ECE2023 Eposter Presentations Pituitary and Neuroendocrinology (234 abstracts)
Hedi Chaker University Hospital, Department of Endocrinology and Diabetology, Sfax, Tunisia
Background and aim: Acromegaly is a rare condition caused by an excessive secretion of growth hormone (GH) and insulin-like growth factor1 (IGF-1), which are responsible for exaggerated somatic growth, cardiometabolic disturbances and an increased neoplastic risk. This study aims to assess the tumorigenic potential of GH excessive secretion.
Patients and Methods: We conducted a retrospective study (1997-2020) at the Endocrinology department of Hedi Chaker University Hospital, Sfax, Tunisia. We involved 30 patients diagnosed with acromegaly, whose clinical, biochemical, and imaging peculiarities were collected from medical charts.

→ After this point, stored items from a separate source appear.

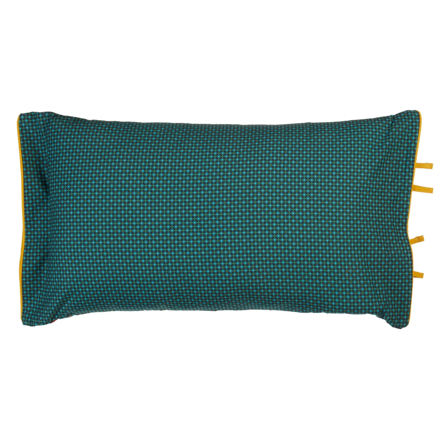 The cushion has an oxford edge with a yellow trim on two sides & a unique tie closure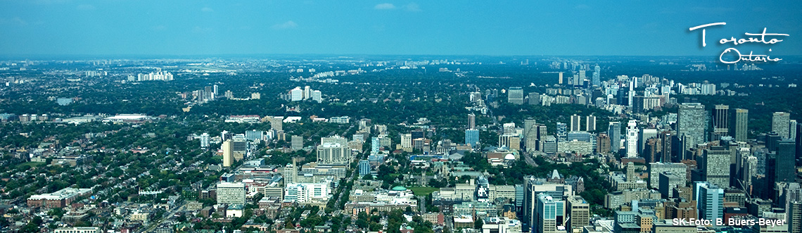 Mit der Air Canada hebe ich in Calgary ab und starte die Reise in Richtung Toronto. Die größte Stadt Kanadas liegt in der Provinz Ontario und ist der östlichste Punkt, den ich bisher angesteuert habe. In den letzten Monaten bin ich ganz schön herumgekommen und habe dabei erlebt, wie vielseitig Kanada ist. Und außerdem auf welch gigantischer Fläche sich das Land erstreckt. Auf der Karte wirkt es gar nicht so weit von A nach B, in der Realität wird mir allerdings bewusst, dass diese Wahrnehmung sehr trügerisch ist. Gut dreieinhalb Stunden vergehen, bis ich am späten Abend den beleuchteten Großraum Torontos erreiche. Die Sicht aus dem Flugzeug ist überwältigend. Diese Stadt ist wirklich groß!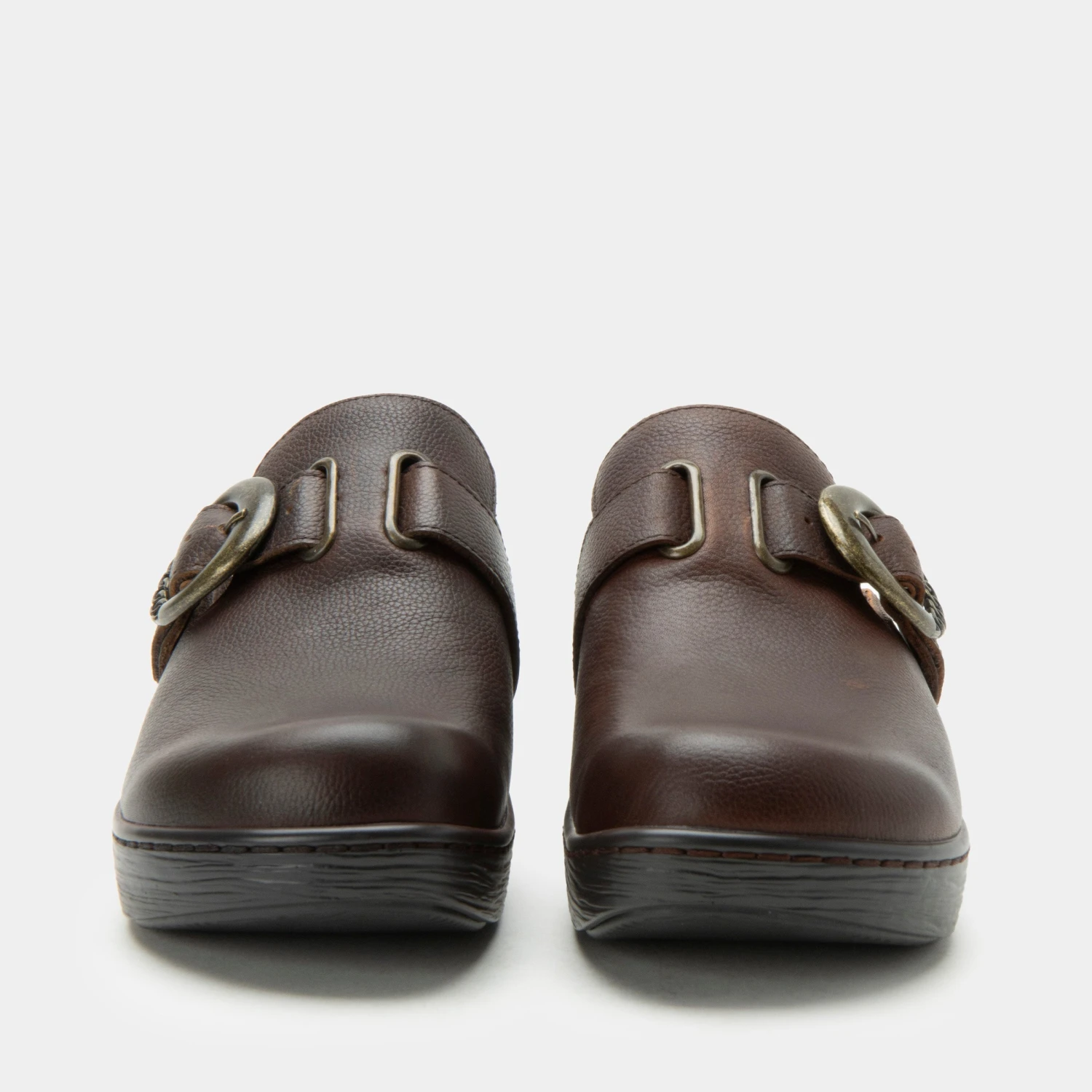 Step into effortless style and unbeatable comfort with a trendy backless slip-on leather clog. The stylish buckle ornament adds a touch of sophistication, elevating this classic design with a modern edge. Featuring a comfortable wood look rocker sole, these clogs provide the perfect combination of height, support, and all-day comfort. The convenient backless design makes them easy to slip on and off, perfect for busy days or casual outings.ย

Our patients benefited from a targeted screening for the more frequent neoplasia.
Results: Patients had a mean age of 45.8±12.4 years with a male predominance (51.7%). Symptoms had been evolving for 5.1±5.4 years. Acromegaly was secondary to a somatotropic adenoma in 96.7% and to a Growth hormonereleasing hormone (GHRH)-secreting pancreatic tumor in 3.3%. Clinical screening for breast cancer (breast palpation) and prostate cancer (digital rectal examination) did not reveal any suspicious lesions. Abdominal ultrasound showed one or more organomegalia in 33.3%: splenomegaly (16.7%), hepatomegaly (16.7%) and nephromegaly (8.3%). Colonoscopy performed in 14 patients was normal in 8 cases and showed polyps in 6 cases. Biopsy of the polyps did not reveal any signs of malignancy. Cervical ultrasound revealed a multi-nodular goiter in 16.7% and thyroid nodules in 11.1% of cases. Cytological study of suspected nodules confirmed their benign character.
Discussion: Despite remarkable therapeutic advances, 15-24% of deaths in acromegaly are due to cancer. The most reported neoplasia are gastrointestinal, thyroid, lung, breast and prostate. It is suggested that uncontrolled hypersecretion of GH/IGF-1 may promote the growth of tumor lesions, the carcinogenesis of pre-neoplastic lesions or the recurrence of previously treated cancers. Some studies also implicate genetic and epigenetic proto-oncogenes specific to acromegaly.